Chii relays all of this information honestly, even the frank questions that would be inappropriate to ask in person and dispels them in easy to understand, non-judgmental ways, like “Didn't you become a woman because you were attracted to men?” and “Aren't you luck that you have insight into the feelings of both men and women?”
In the end, The Bride Was a Boy is a very uplifting, positive portrayal of living in Japan while trans* and would do well to be added to any manga reader's library.
Thanks to publishers like Seven Seas, Pantheon, and Fantagraphix, we're slowly amassing a collection of LBGTQ+ manga in English that veers away from the tropes associated with BL and yuri titles. Chii's The Bride was a Boy is one of the latest, and if nothing else, it's a charming story of love triumphing over all. Chii meets Husband-kun shortly after she begins transitioning to living as a woman, and by the time she comes out as transgender to him, he just sort of accepts it – he loves Chii herself, and it doesn't matter to him that she used to be male. Likewise Chii's family is supportive; her mother mentions not being that surprised and feeling like a weight has been lifted when Chii comes out to her, and her dad at one point forgets that she ever was a his son rather than his daughter. While Chii doesn't say it explicitly, it's implied that she knows that not everyone has it so easy, and that's at least in part behind why she's decided to convert her blog into a book.

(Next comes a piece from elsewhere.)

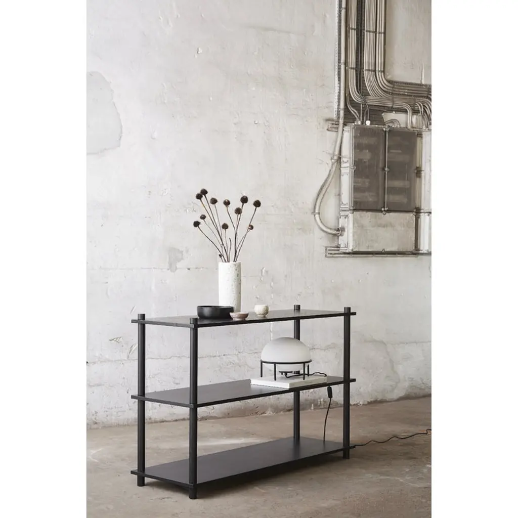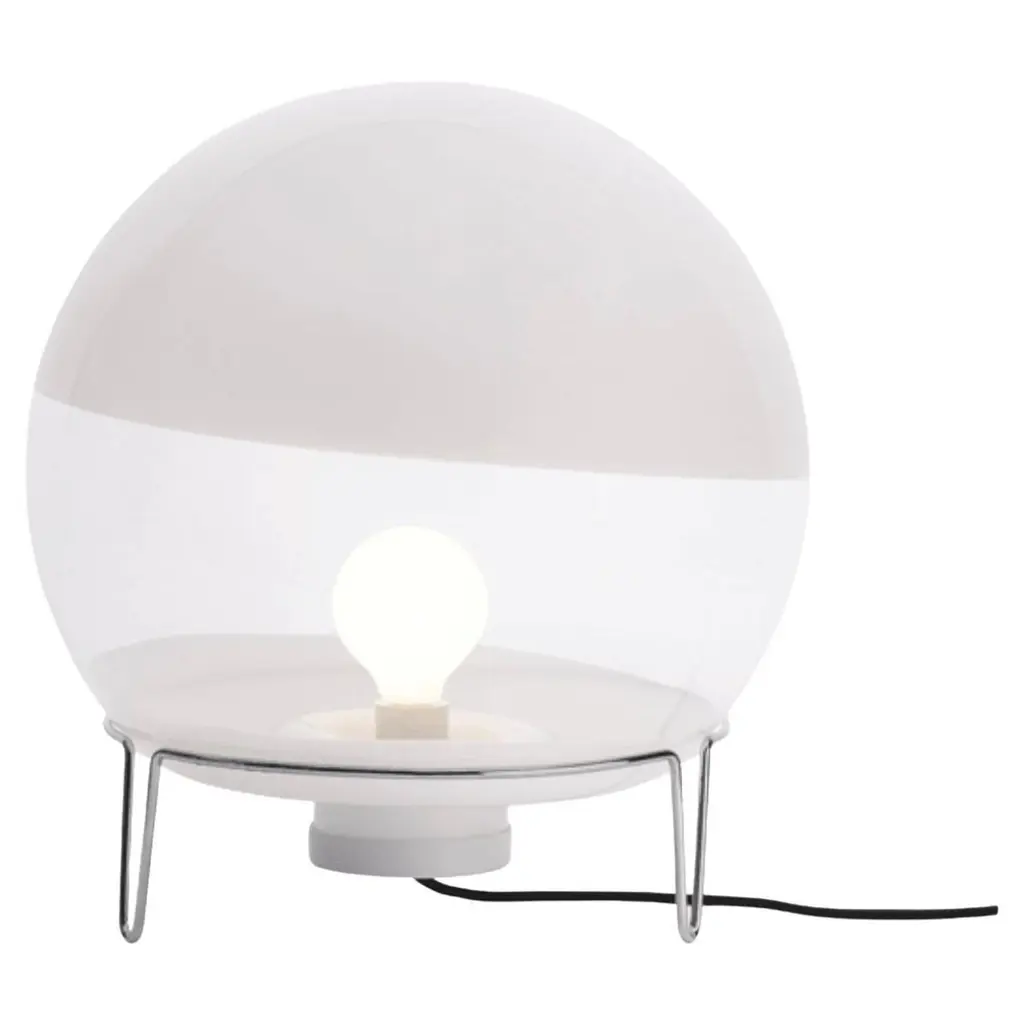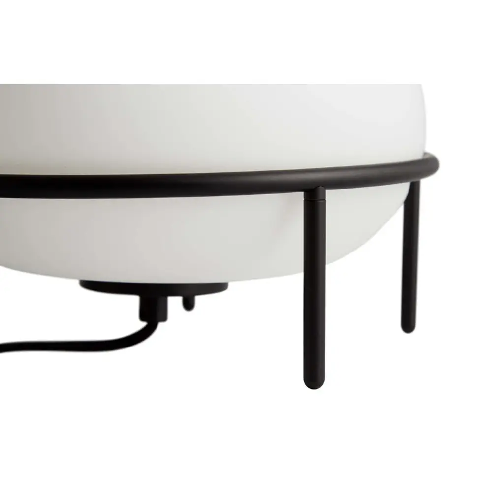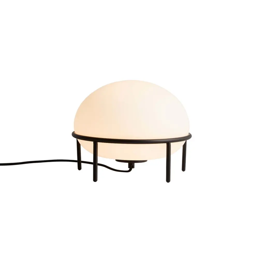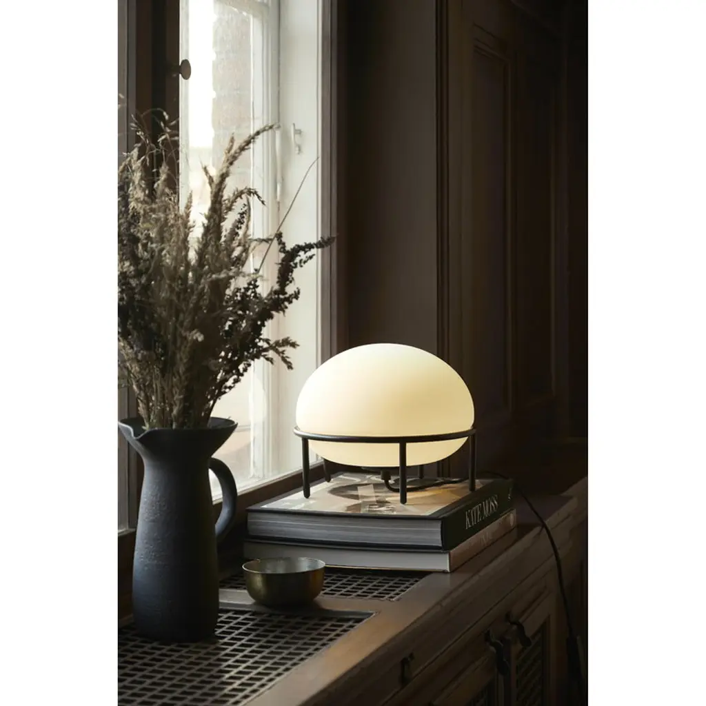 Pump table lamp by Woud has an airy appearance inspired by a hot air balloon lifting off the ground. Designed by Kutarq Studio, Pump lamp features a wide, round opal glass shade that almost appears to be floating on the black steel base. Pump lamp is ideal on a nightstand, windowsill or shelf, and it complements the general lighting with a soft, gentle glow.

The story is a mix of Chii's personal experiences and an attempt to clarify Japanese laws circa 2016 surrounding gender, sexuality, and marriage. Although she tries to take a neutral tone, it's hard not to read her as angry in some places, especially when she talks about the laws about legally transitioning (or “transitioning on paper”) and how that can affect marriages – a couple who wants to stay together even though one of the partners wishes to transition legally isn't allowed to; only unmarried people can, as well as those without minor children. As Chii explains it, this is to circumvent illegal gay marriages, which is troubling on its own. Another issue she explores is misconceptions of what it means to be transgender, as well as how to properly use the word. Some of the language is not in line with what is used in other countries, which does take some getting used to.
Essentially the book is divided up into three types of segment: narrative chapters, four panel comics explaining a term or shorter episode, and questions Chii gets asked. Of the three, the third is probably the most difficult, simply because it's easy to imagine how hurtful some of those questions can be, and Chii also uses them as an opportunity to discuss pressures that many people, not just those who identify as LGBTQ+, may find uncomfortable or troubling, such as the societal pressure to marry and have children. This makes the book relatable on several levels, and whether you're in it for the happy ending (spelled out right there in the title), the lesson(s), or the really cute chibi art, this is a good book about a subject that doesn't always get thoughtful treatment.